David Stern repeated the phrase almost a half-dozen times in his Thursday night news conference.

"We await the response from the union," the NBA commissioner said, throwing the lockout ball onto the players' court while teasing them with the premise of a possible 72-game season.

The owners have made their best offer, Stern implied, and it's up to the players whether there's going to be basketball this season.

But Stern might not like the union's response. The early returns show mostly scorn.

"We are trying to grow the game of basketball, and under the terms that have been presented to us, the game of basketball for us from a players' perspective financially will not be growing," Dallas Mavericks guard Jason Terry said Friday during an ESPN radio interview.

"We will actually be getting rid of a class. In life and society there are three classes — there's the upper class, the middle class and lower class. And what the owners are trying to do right now, what their proposal is, get rid of the middle class so you have one or two guys on each team making 'X' and the rest of the guys crunched down at a smaller number and then no middle ground."

Terry was referring to the mid-level exception, a rapidly shrinking free-agent tool. Teams that were over the salary cap last season could sign a middle-of-the-road free agent for up to five years and $29 million, though that option fell to three years and about $9 million in the owners' latest proposal.

Lakers forward Metta World Peace, formerly Ron Artest, seemed to agree with Terry, in his own way.

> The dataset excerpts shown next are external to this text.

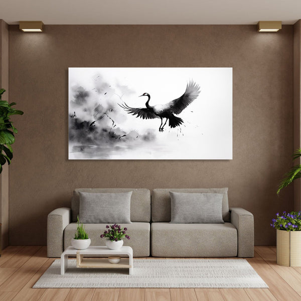 This painting depicts a serene Asian landscape with a majestic crane soaring through the air. The artwork is done in a monochrome style, using only shades of black and white....
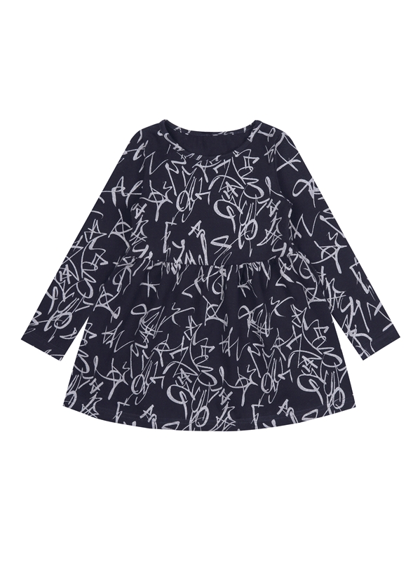 кулир с лайкрой / хлопок 92% + лайкра 8% - / серебряные граффити на темно-синем / -
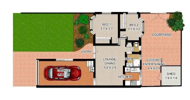 2 Bed • 1 Bath • 1 Car • 200m²
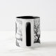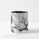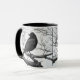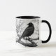 Mug in a black-and-white illustration featuring a sleek black crow perched on a gnarled, leafless branch. The bird's detailed feathers contrast sharply with the stark, skeletal tree limbs, creating a dramatic composition.
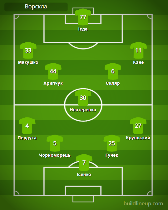 «Ворскла»: Исенко – Пердута, Черноморец, Гучек, Крупский – Хрипчук, Нестеренко (Ковталюк, 79), Скляр (Бацула, 65) – Мякушко (Черныш, 80), Иеде, Кане (Ндукве, 64).
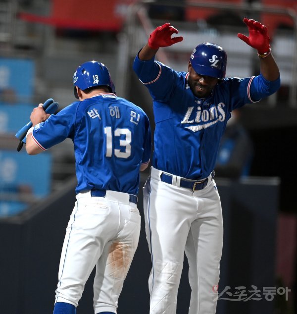 4회초 2사 3루루 삼성 피렐라가 역전 우월 투런 홈런을 날리고 그라운드를 돌아 홈인해 하이파이브 하고 있다.
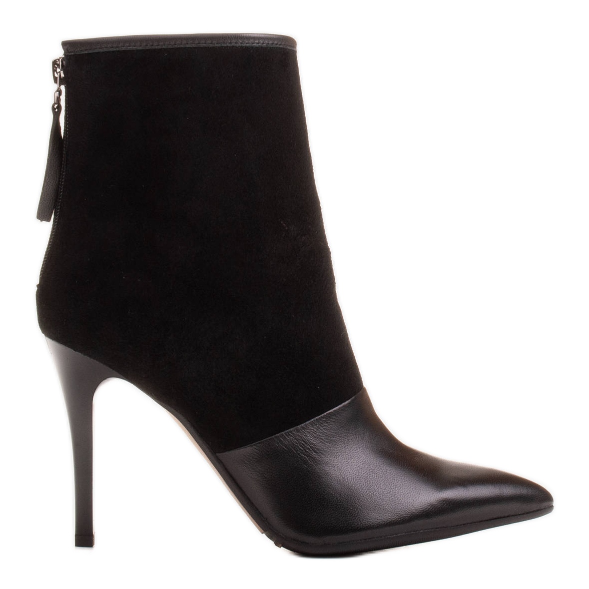 Vi presenterar en modell gjord av de bästa materialen: en kombination av naturligt narvläder och delikat mocka är en garanti för kvalitet och ett unikt utseende. Svart - en obestridd klassiker inom världsmodet - används här i den mest universella och eleganta versionen, vilket gör att dessa stövlar perfekt matchar många garderobselement - från affärskostymer till aftonklänningar och mer avslappnade set.
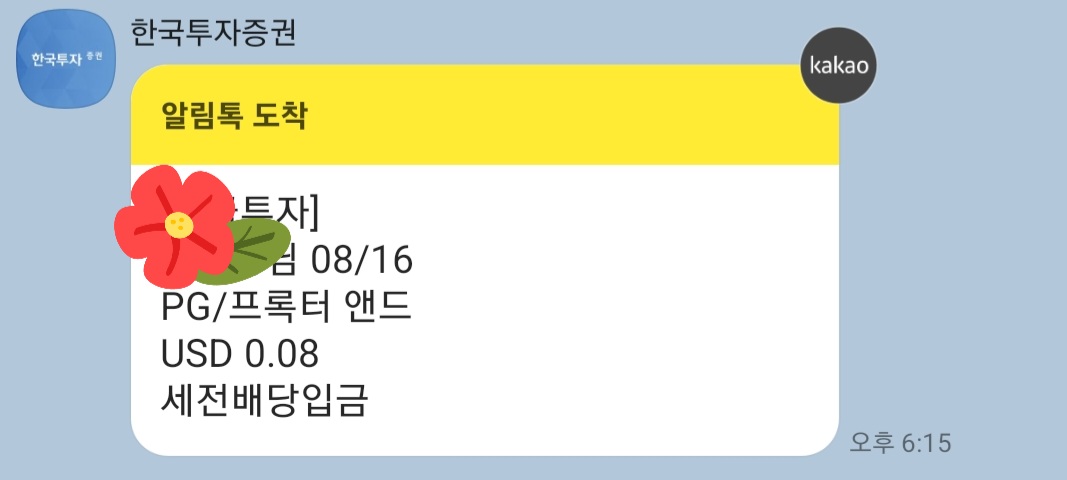 PG/프록터 앤드 배당금은 0.08달러를 받았어요.
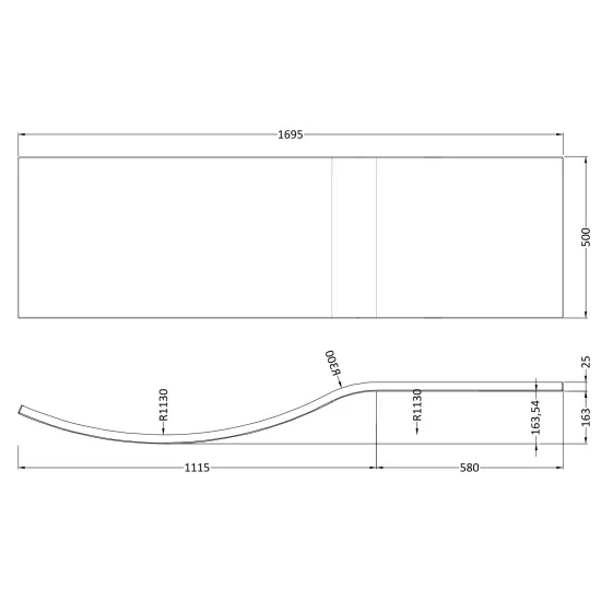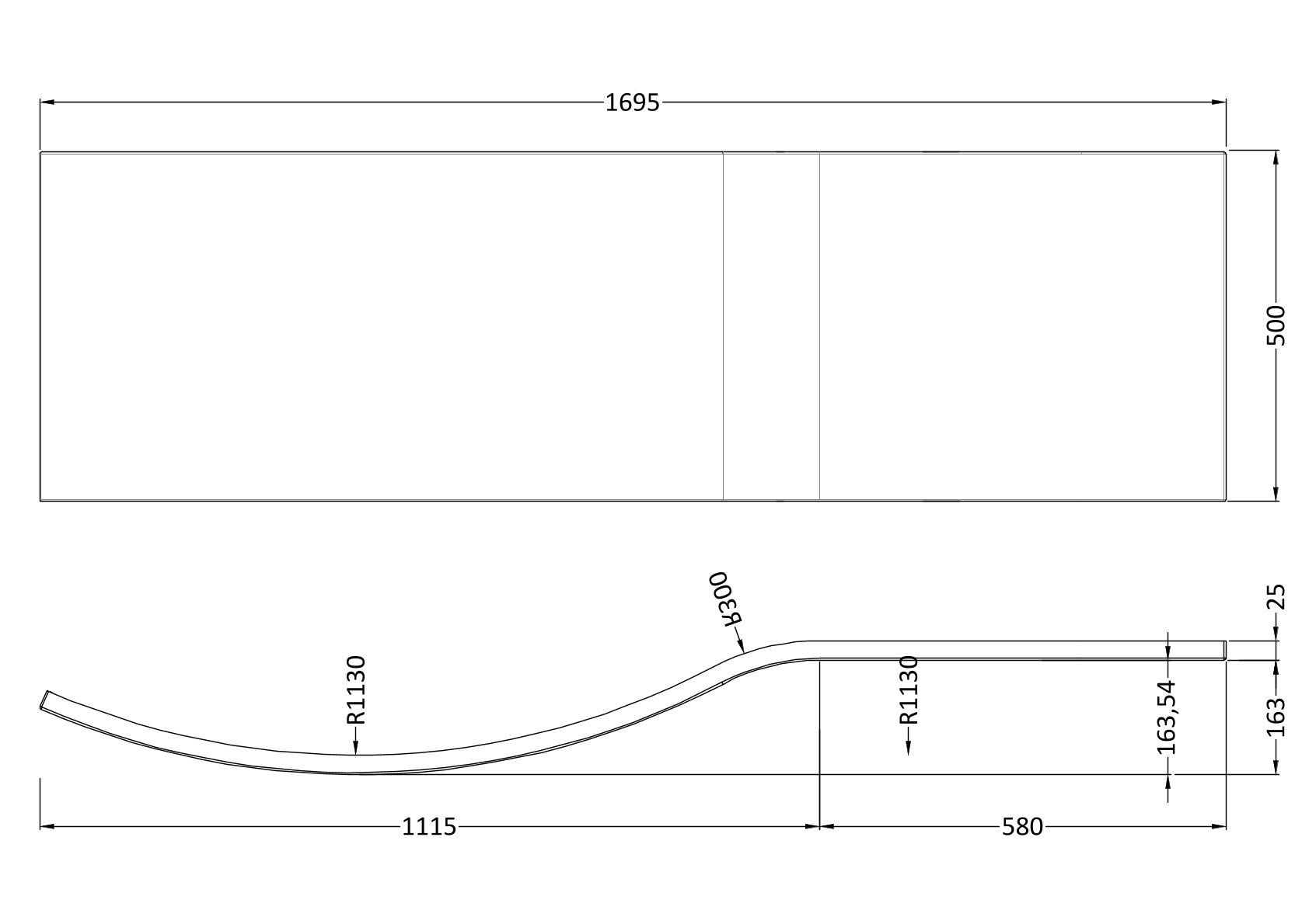 nuie Bath Panels B-Shape Shower Bath Front Panel 1700mm - White

"It's bigger than just a lockout. It's an educational experience," World Peace said at a promotional appearance for Sungevity, a solar rooftop specialist. "I went through it twice. I got suspended for how I reacted in Detroit (in the 2004 "Palace Brawl") and saw they were able to take my paycheck. Now I'm locked out again. I can't receive a check. It's more educational for me than anything."

World Peace wasn't alone in his apparent displeasure.

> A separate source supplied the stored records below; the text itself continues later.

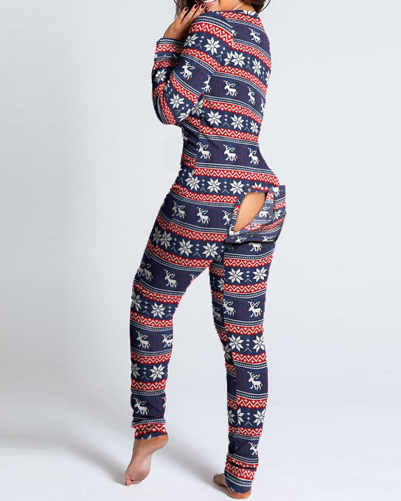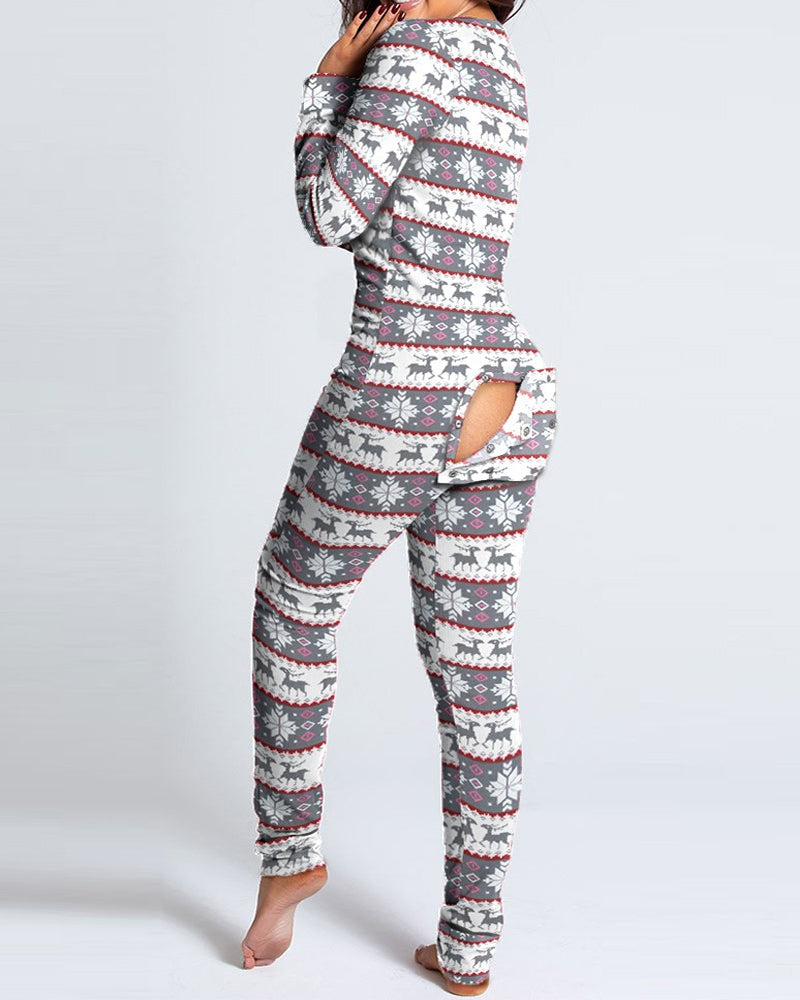 Cozy meets festive style in this chic Christmas jumpsuit pajama! The deep V-neck and long sleeves offer a flattering look, while the convenient back button closure and rear opening design make it easy to wear. Perfect for holiday lounging, family gatherings, or festive photos, this set combines comfort with seasonal charm.
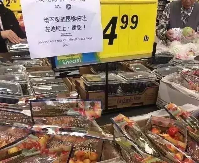 更让人羞愧的是,超市竟然用中文标牌写出:只求大家吃完后,不要把樱桃核扔在地上就行了。
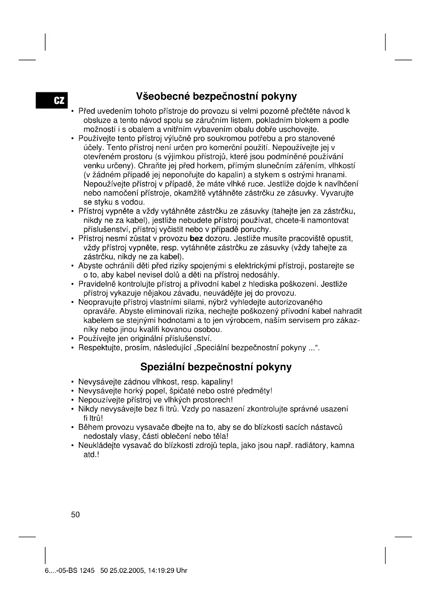 - Neukládejte vysavač do blízkosti zdrojů tepla, jako jsou např. radiátory, kamna atd.! 6....-05-BS 1245 50 25.02.2005, 14:19:29 UhrCZ
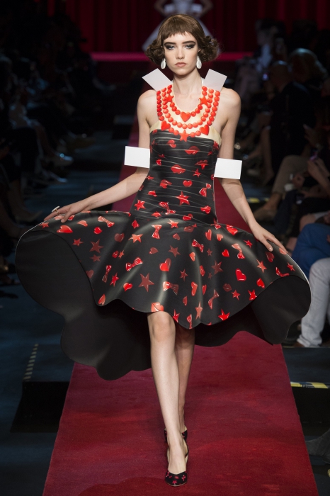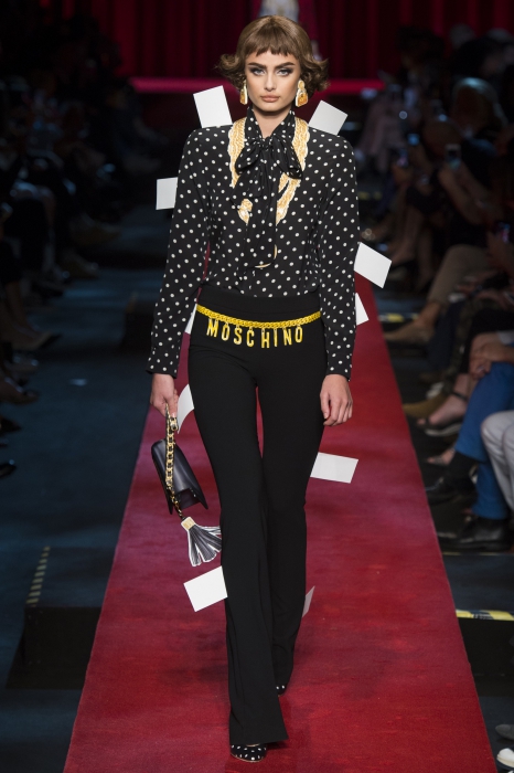 Остроумие Джереми Скотта стало все больше походить на безумие. Новую коллекцию дизайнер Moschino посвятил аналоговой эпохе и 3D-технологий, когда девочки играли не в игры на iPhone, и даже не в Барби, а в бумажные куклы. Модели на подиуме вчерашнего показа и имитировали эти куклы. Узнаваемые образы из 1950-х на подиуме были дополнен бумажным креплением. По фотографиям может показаться, что Скотт приготовил бумажную коллекцию — но на самом деле это мастерски отпечатанные принты, повторяющую фактуру бумаги, на тренчкотах, платьях и купальниках.
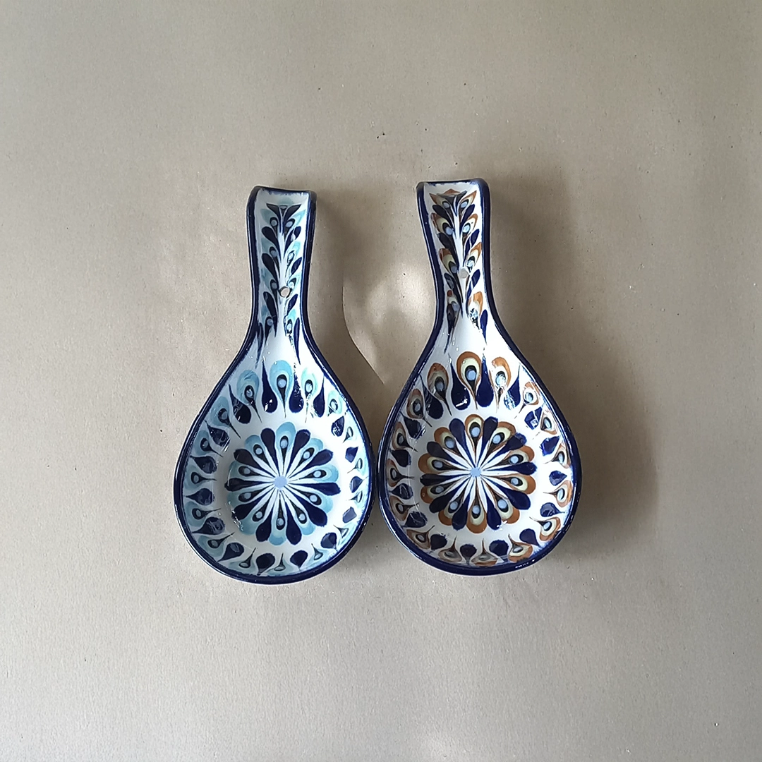 This ceramic Long Spoon Rest is unique pieces of functional folk art, meticulously hand-painted and glazed by artisans from San Antonio Palopó, Guatemala. Both elongated, ladle-shaped dishes feature a glossy white base and a bold cobalt blue rim, with the interior of the rest serving as a canvas for the region’s characteristic high-contrast, rhythmic designs: one features the dense, stylized teardrop or “peacock feather” pattern in a palette of blue and light aqua, while the other utilizes a warmer palette incorporating brown and terracotta orange accents, making them both beautiful and practical additions to any kitchen.
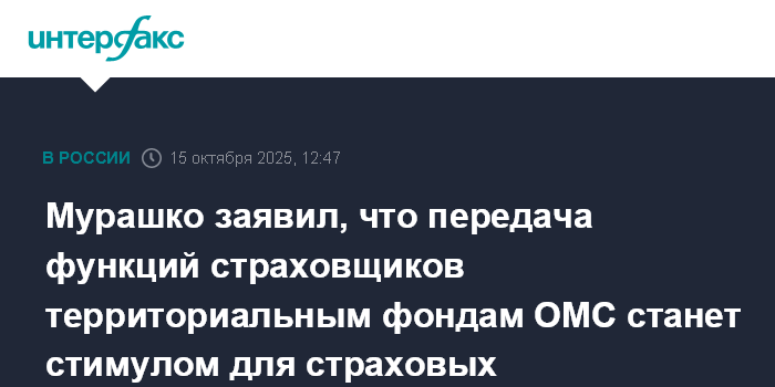 Москва. 15 октября. INTERFAX.RU - Глава Минздрава РФ Михаил Мурашко считает, что предоставление губернаторам возможности передавать территориальным фондам обязательного медицинского страхования (ОМС) полномочия частных страховых медорганизаций не приведет к злоупотреблению властью со стороны губернаторов и послужит стимулом для страховых медорганизаций усилить свою работу.

"We (gave) them 350 (million) per yr plus were taking paycuts," Phoenix forward Jared Dudley wrote on Twitter about NBA owners. "Obviously it's not enough."

The players agreed to a 50-50 split of basketball revenue after earning 57 percent last season, but they want more concessions from owners on numerous peripheral items such as the mid-level exception and lighter luxury taxes for free-spending teams.

Player representatives from all 30 teams will meet Monday or Tuesday in New York to analyze the latest offer.

If they reject it, the next step might be to dissolve the union or invoke the more expedited "disclaimer of interest," both of which would allow players to file antitrust lawsuits against the league.